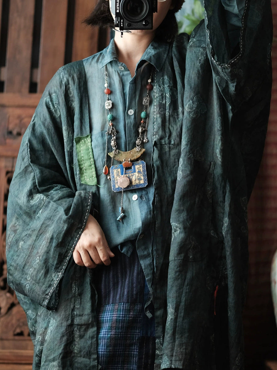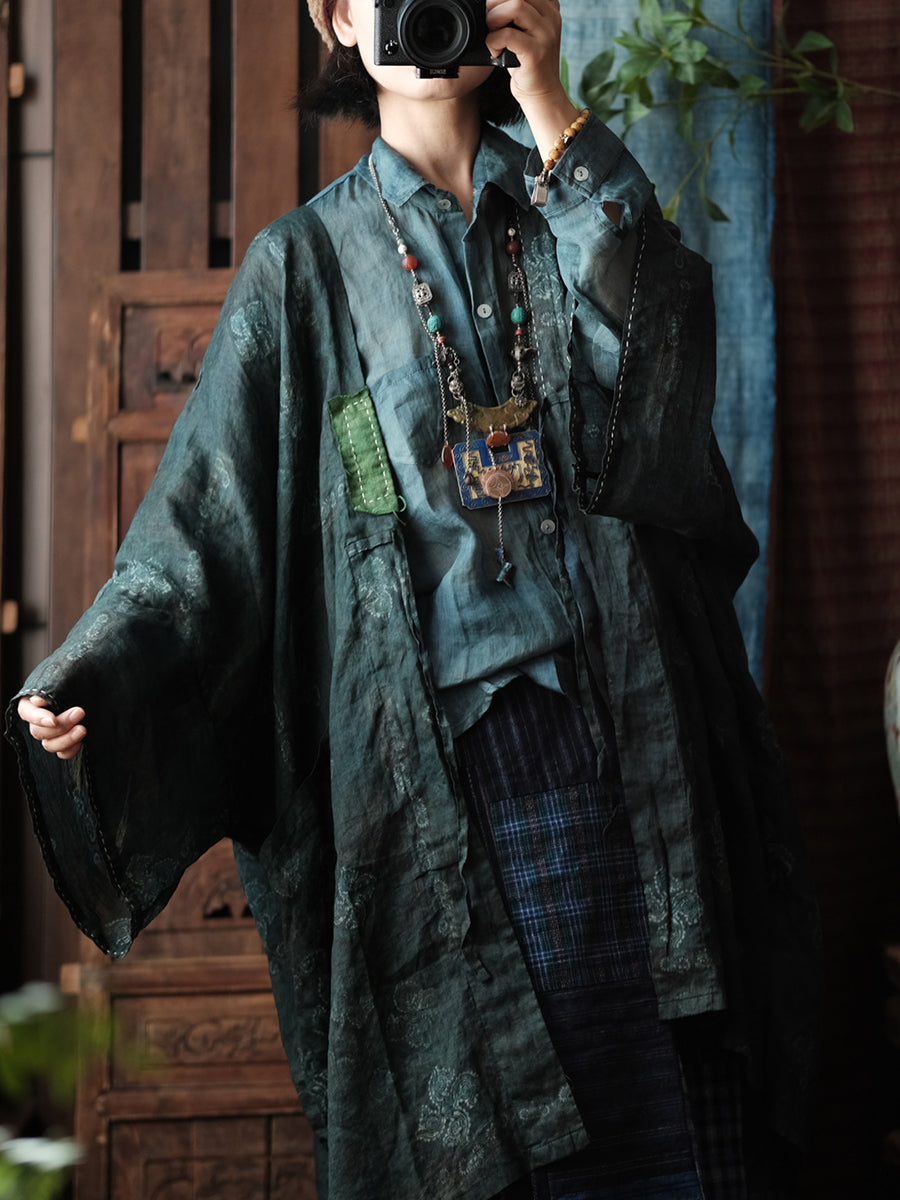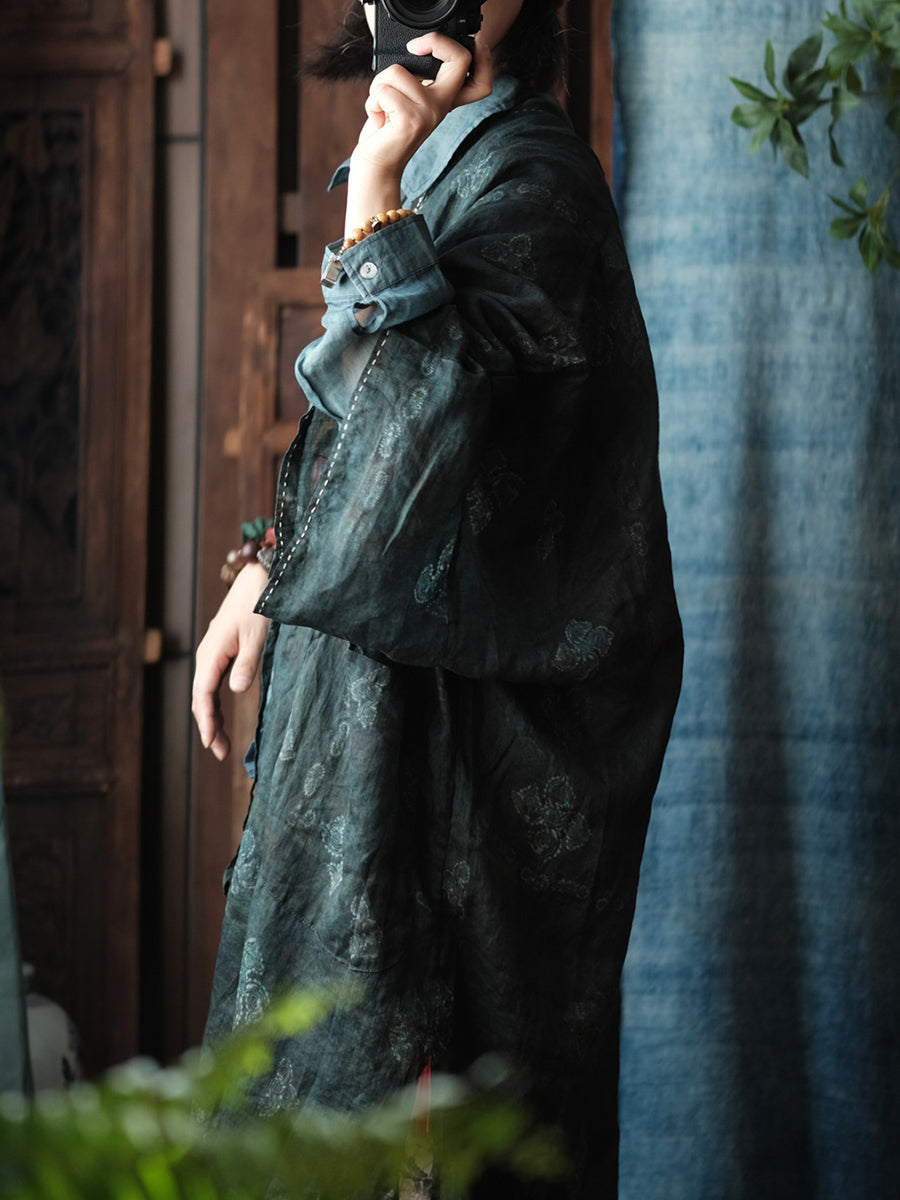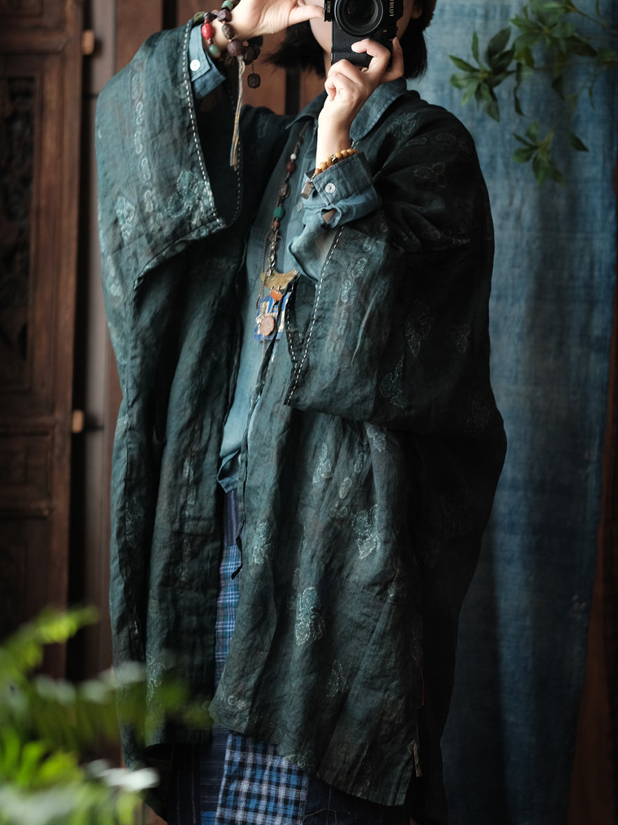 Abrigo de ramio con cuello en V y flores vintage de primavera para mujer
* * *
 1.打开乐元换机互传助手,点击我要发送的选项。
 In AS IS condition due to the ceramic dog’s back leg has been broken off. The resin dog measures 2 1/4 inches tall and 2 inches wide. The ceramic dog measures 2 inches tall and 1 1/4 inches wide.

**Aim of the exercise**
In the listing above, find the line with "1.打开乐元换机互传助手,点击我要发送的选项。" and the line with "In AS IS condition". Output those two lines and every line between them, exactly as written.

**Task solution**
 1.打开乐元换机互传助手,点击我要发送的选项。
 In AS IS condition due to the ceramic dog’s back leg has been broken off. The resin dog measures 2 1/4 inches tall and 2 inches wide. The ceramic dog measures 2 inches tall and 1 1/4 inches wide.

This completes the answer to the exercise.